What helped Mayer ascend at First Boston was his ability to see what was going on underneath the glamour of Wall Street in the 1980s and react to the evolving marketplace, said Michael Duval, a former managing director at First Boston and a friend of Mayer.

Advertisement

“He recognized that what was driving the First Boston profits then was mergers and acquisitions,” Duval said. “And he recognized that was transient. It couldn’t be the sole basis of a firm’s success. These things go in cycles. And that’s exactly what happened.”

Mayer enrolled at the University of Maryland after a less than successful college try at Northwestern and a stint in the Air Force. After receiving an MBA, he joined First Boston in 1967.

He rose to the top of the investment banking firm in 1988, but was pushed aside in a management shuffle in January, 1990. He was put in charge of a subsidiary to monitor First Boston’s investments in the troubled retailing businesses of Campeau Corp., the Canadian company that had borrowed heavily to buy some of the biggest department stores in this country.

In November, 1990, Mayer quit First Boston to head the University of Rochester business school, but he left after a brief tenure, unhappy over what he considered the school’s inadequate financing.

By contrast, Mayer is expected to receive far more generous financial support from Maryland’s trustees and benefactors.

In June, the business school received a $5-million grant from beer importer Leo Van Munching Jr., the largest single gift ever received by the college from an alumnus. Business Week and Forbes have rated Maryland as one of the nation’s best bargains in business education.

Advertisement

Still, Maryland isn’t viewed with universal admiration. U.S. News & World Report, which does its own ranking of business schools, has lowered Maryland’s standing to 40th this year, down from 27th last year and 24th the year before.

Robert Morse, the U.S. News editor who compiles the ranking, attributed Maryland’s downgrade to a lower opinion of the school by CEOs it polls and the relatively low salaries earned by Maryland MBA graduates.
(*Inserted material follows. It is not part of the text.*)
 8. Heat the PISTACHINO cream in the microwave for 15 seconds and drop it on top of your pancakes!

Average starting salaries for MBAs at top schools like Harvard and Wharton, for example, are in the $75,000 range, about 40% more than what students at Mayer’s school can command.

“The jury’s out on if he’s going to be as successful in academics as he was in business,” Morse said. “The boss in business is actually a boss that can fire people and redirect resources at will. In academics, a dean has to be much more of a politician.”
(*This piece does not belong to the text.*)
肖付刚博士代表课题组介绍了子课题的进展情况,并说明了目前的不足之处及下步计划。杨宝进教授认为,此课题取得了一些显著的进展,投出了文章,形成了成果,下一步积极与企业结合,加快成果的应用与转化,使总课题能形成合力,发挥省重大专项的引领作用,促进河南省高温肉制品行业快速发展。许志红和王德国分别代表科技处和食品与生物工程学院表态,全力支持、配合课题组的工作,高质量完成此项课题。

Mayer admits that the switch from the frenetic pace of Wall Street to the sedate halls of scholarly pursuit looks drastic. But after reaching the point where he could do anything he wanted, he decided what he wanted and waited for the right offer.

“I started being offered all these positions, and I said to myself, ‘What do you want?’ ” he said. “I guess I started to understand I’ve always had an interest in education, and I of course have hired hundreds of MBAs.”

Advertisement

Duval said the switch from the executive suite to the dean’s office is a smaller leap than many might think.

“In both cases, you’re dealing with the marketplace of ideas,” he said. “On Wall Street, you live or die by how good your ideas are. I think academics is very similar, particularly business schools, which are going through such change right now.”

Mayer said the move has not been a problem.

“In a bank, you can’t order partners around, you have to reason with them,” he said. “It’s a very participatory management style. It’s the same here.”